Jacob Bank sold his previous company to Google seven years ago and is about to start a new one with a focus on automation.
Timeful was a smart scheduling app that helped users make better use of their time. After selling up to the tech giant, Bank joined their ranks and worked on integrations of core Timeful technology into Gmail and Calendar, as well as other products.
In July of 2021, Bank parted ways with Google to found Relay, which is a product that sits somewhere in the middle of Asana and Zapier. A number of product, design, and engineering personnel from the Gmail and Google Calendar development team have been hired by him.
According to Bank, the goal is to combine the time saving automations of Zapier with the accountability of Asana.
The image is from Relay.
There is no shortage of automation tools out there, and Zapier is perhaps the most well-known of them all. It is this desire to reduce tedious, repetitive tasks that Relay is looking to take advantage of, with specific scenarios in mind, and more about supporting collaborative activities that may need to be done.
All-hands meetings, investor updates, board meetings, newsletters, planning cycles, and so on are examples of things that are within Relay's scope. New-hire, customer, or feature launches are functions specific to them. It is aimed at reducing admin from various business functions.

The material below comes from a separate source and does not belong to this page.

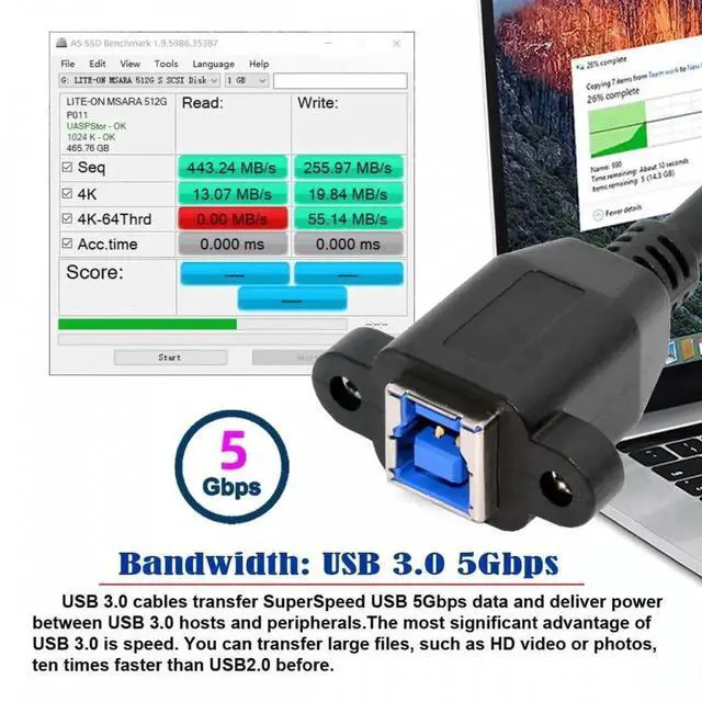 USB 3.0 Type-B Female to USB3.0 Micro-B Male Cable Extension 5Gbps for Disk SSD Camera Data 30cm

Relay sits on top of existing productivity tools such as calendars and team collaboration software, and reduces the amount of manual labor involved in organizing a specific event or activity. A monthly all-hands meeting may involve several contributors from different departments, each charged with preparing their own updates, with Relay, companies can preconfigure a lot of the administrative steps such as messaging contributors a few days before the all-hands with the correct presentation template, who are then
The image is from Relay.
If the all-hands meeting date has to be pushed back a few days at the last minute, this would normally require organizers or management to manually update dates and schedules in Asana. Change is reflected up and down the chain with Relay.
The most consequential difference between our product and what is out there is that we are going after a class of use- cases that haven't been explicitly served before. The operating workflows required to run a great team include all-hands, leads meetings, executive updates, product reviews, business reviews, newsletters, planning processes, and much more.
Relay is currently a closed early-access product and will transition into an open alpha phase before the end of the year. Ramp and Lumos were confirmed as design partners as it readies for a wider roll out.
Bank said that most of their early design partners are tech companies.
In order to take things to the next level, Relay has raised $5 million in a seed funding round, with participation from Neo, Box Group, and a handful of angel investors.
The entire way people work could be changed by Lay's vision of understanding the best practices of top-performing teams. Jacob is a founder that we have supported before, with a team that has a track record of success.